Yes. On the first one, trust me, we are hard at work with our partners, all of our delivery partners and systems integrators to make sure we have all of the right staffing in place so that, that is not a limiting factor. And Look, I think all of our partners from Accenture to Capgemini to Cognizant to many others. They’re really good at scaling their practices and doing what they can to have resources available. And we work with them very closely, and we continue to hire aggressively.

I think sometimes it just comes down to some core or critical roles within the carrier that they want to have in place and whether they’re comfortable to begin a project or not. And so regardless of things that we can do, sometimes those things are out of our control if an insurer is not ready to start a project because they don’t have the right business lead in place or something like that.

So again, I think we’re doing pretty well to work with our partners to make sure that that’s not the issue. But from time to time, we’ll have carriers take a more conservative approach and not start or delay a program.
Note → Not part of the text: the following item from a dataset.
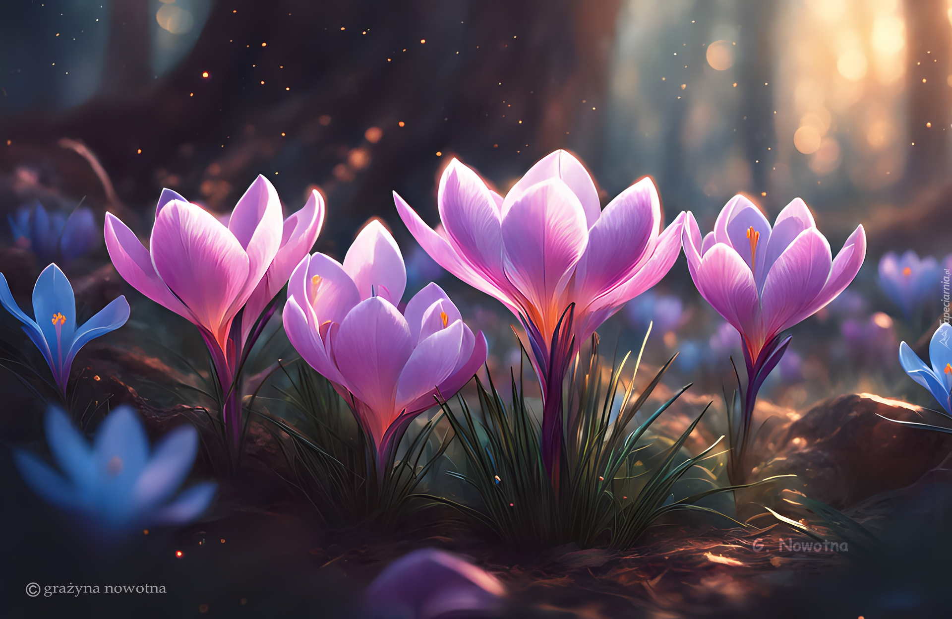 Edytor tapety: Rozświetlone różowe i niebieskie krokusy

And then on the second item. Just as it relates to profitability and the overall environment and what’s happening with their decision-making, like I said, we don’t see them at large or broadly backing off of technology initiatives. And that is the evidence that we have through the pipeline and the strength of the pipeline and all the activity. What we have seen is just more meetings and taking a quick look at timing because of some of the results.

When we look at fiscal year ’21 or calendar year ’21 for carriers, the preliminary results is that it had an underwriting loss of over $4 billion. So they didn’t have the underwriting profits that they’ve had in the past. And they’re seeing some pressure on that. It’s just triggering new conversations.
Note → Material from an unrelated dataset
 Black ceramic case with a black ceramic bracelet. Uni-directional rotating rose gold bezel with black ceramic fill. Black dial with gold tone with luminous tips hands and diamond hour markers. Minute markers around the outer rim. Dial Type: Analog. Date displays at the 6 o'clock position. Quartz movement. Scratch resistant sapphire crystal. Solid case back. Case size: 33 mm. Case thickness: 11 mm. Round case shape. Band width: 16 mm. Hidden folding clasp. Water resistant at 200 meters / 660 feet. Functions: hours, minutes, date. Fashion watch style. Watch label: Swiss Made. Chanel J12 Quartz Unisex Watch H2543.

But I think I’ve said this on past calls. Whenever a carrier has to deal with some of these things, changing prices, launching new products, improving efficiency, it usually leads back to a technology conversation, and we think that bodes well for Duck Creek in the long run, for sure. Sometimes, it’s just causing a temporary conversation around, hey, let’s get our handle around the short-term effects before we launch this project. And that’s what we’re seeing right now.

Michael Funk

Understand. And I think you mentioned your pipeline is at or near record levels. So — and then obviously, kind of there are a few deals that amount to a lot in potential revenue. Is there a way to quantify the number of deals that slipped or the amount of bookings maybe that slipped out of the quarter you thought we’re going to sign?

Michael Jackowski

I think I’d just be comfortable saying that perhaps it’s around high single-digit millions in that neighborhood that’s really advanced that we would have liked to have had signed. I’d be comfortable stating that.

Michael Funk

Okay. That’s great color. And one more, if I could, just kind of book keeping. On the one-timer, I know you said low single digits, but is there an exact number on the one-timer for the quarter, just so we can make a note in our models?

Vinny Chippari

No. And just so you know, we have a contractual confidentiality provision where we can’t discuss the exact terms of the amendment or the customer and the situation. We just wanted to give you something directional.

Operator

I would now like to turn the call back over to Mike Jackowski for any further remarks.

Michael Jackowski

Okay. Thank you, everyone, for joining us on our fiscal year ’22, Q2 earnings call. And as I said in my opening remarks, we continue on our journey to deliver on our mission to help transform the P&C industry through our continued adoption of our on-demand SaaS platform.

We had another meaningful Tier 1 win at Tokyo Marine as well as a new insurtech startup, which continues to show that our SaaS solution is well suited for carriers of all sizes.

And finally, I do want to again thank Vinny Chippari for his partnership and his contribution to Duck Creek’s success and wish him well in his retirement. He will always remain a very close friend.

Again, I appreciate everyone joining the call today. Thank you, and take care.

Operator

Thank you. This concludes today’s conference call. Thank you for participating. You may now disconnect.